Phase 1: Core Simulation (Completed)

  • ✅ Basic economic model
  • ✅ Game theory calculations
  • ✅ Strategy implementation
  • ✅ Command-line interface

Phase 2: Enhanced Features (In Progress)

  • 🔄 Strategy combinators
  • 🔄 Data visualization
  • 🔄 Real-world data integration
  • 🔄 Advanced economic modeling

Phase 3: Web Interface (Planned)

  • 📅 Frontend development (React/TypeScript)
  • 📅 Backend API (Haskell with Servant)
  • 📅 Interactive visualizations (D3.js)
  • 📅 User account system

Phase 4: Advanced Features (Future)

  • 📅 Machine learning for strategy optimization
  • 📅 Multi-country coalition modeling
  • 📅 Stochastic simulation with uncertainty
  • 📅 Real-time data updates

Architecture

The project is structured around several core modules:

  • TradeWar.Types: Core data types for the simulation
  • TradeWar.Model: Economic model and payoff calculations
  • TradeWar.Strategy: Strategy definitions and implementations
  • TradeWar.Equilibrium: Game theory calculations
  • TradeWar.Simulation: Simulation engine
  • TradeWar.StrategyCombinators: Compositional strategy building
  • TradeWar.Visualization: Data visualization tools
  • TradeWar.RealWorldData: Integration with external data sources

Contributing

Contributions are welcome!
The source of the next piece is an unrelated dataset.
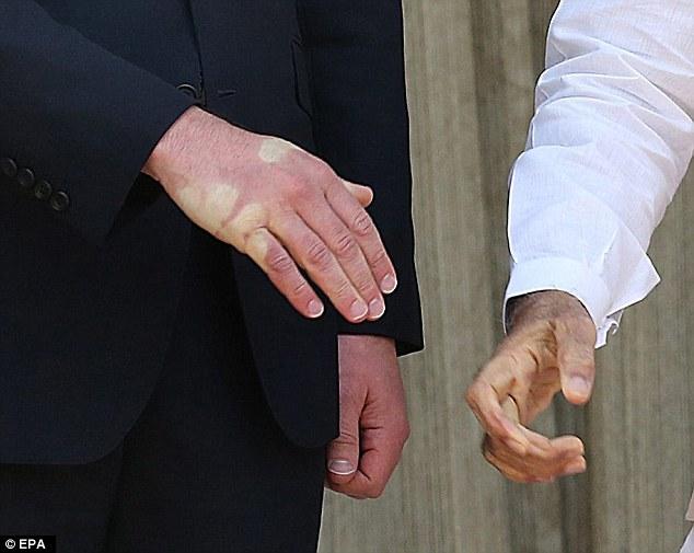 Người ta vẫn thường nói một cái bắt tay thật chặt sẽ thể hiện cho mối quan hệ thân thiết, bền vững. Tuy nhiên, với cái bắt tay của mình, Thủ tướng Modi đã khiến Hoàng tử William có chút lúng túng khi để lại những vết hằn rõ nét trên bàn tay.

Please feel free to submit a Pull Request.

  1. Fork the repository
  2. Create your feature branch (git checkout -b feature/amazing-feature)
  3. Commit your changes (git commit -m 'Add some amazing feature')
  4. Push to the branch (git push origin feature/amazing-feature)
  5. Open a Pull Request

License

This project is licensed under the MIT License - see the LICENSE file for details.

Acknowledgments

  • Game theory concepts based on works by John Nash, Thomas Schelling, and Robert Axelrod
  • Economic modeling inspired by research from the World Trade Organization and International Monetary Fund
  • Special thanks to the Haskell community for providing excellent libraries and tools
  • This project is dedicated to the memory of my father Dr. David Michael Kuhlman PhD aka Mike. Dad was a Social Psychologist concerned with choice in social dilemmas, social judgment, interpersonal trust, and emotion. Game theory was one of his passions and one of my earliest memories is of him explaing the Prisoners Dilema and utility.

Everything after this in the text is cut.